This is the (divergent) asymptotic development for $
f(x)=\int_x^{\infty} e^{-{1\over 2}t^2} \ dt
$ given by 

$$f(x) \sim
e^{-{x^2\over 2}}\ (\ {1\over x}\  + \
\Sigma_{k=1}^{\infty}\ {(-1)^k(2k-1)!\over 2^{k-1}(k-1)!}\ {1\over x^{2k+1}}\ )
$$
or
$$f(x) \sim
e^{-{x^2\over 2}}\ (\ {1\over x}\  - {1\over x^3} + {3\over x^5} - {15\over x^7} + {105\over x^9} - {945\over x^{11}}...)$$

It is easily obtained from an integration by parts. The rest is given by an explicit integral. From its expression, one can check that f(x) is in fact squeezed between two consecutive sums of the series. As a result, we have the bound, for all x>0, 

$$0 \geq f(x) -
e^{-{x^2\over 2}}\ (\ {1\over x}\  - {1\over x^3} + {3\over x^5} - {15\over x^7} + {105\over x^9}) \geq - e^{-{x^2\over 2}}\ {945\over x^{11}}$$

Divergent series were standard tools at the beginning of the XXe century. I can't provide a reference, but the book of Hardy "Divergent series" may be a starting point for a bibliographic search. 

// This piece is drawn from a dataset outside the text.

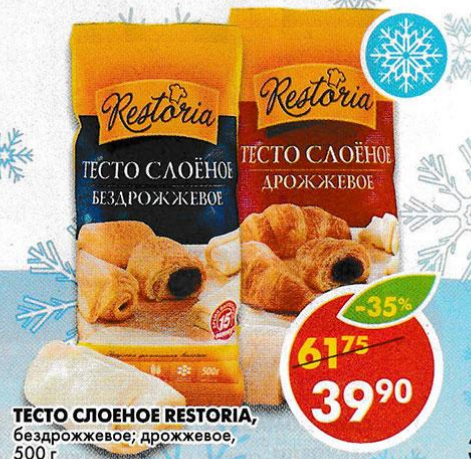
ТЕСТО СЛОЕНОЕ RESTORIA, бездрожжевое; дрожжевое, 500 г

The divergent asymptotics was chosen because it is "good" at infinity. When truncated to some power (say 9), it has the correct behavior when x goes to infinity, that is, it goes to zero, just like f(x). So it gives an interesting approximation of f for all sufficiently big value of x. This of course is not the case of a development obtained by truncating a converging series in positive powers of x.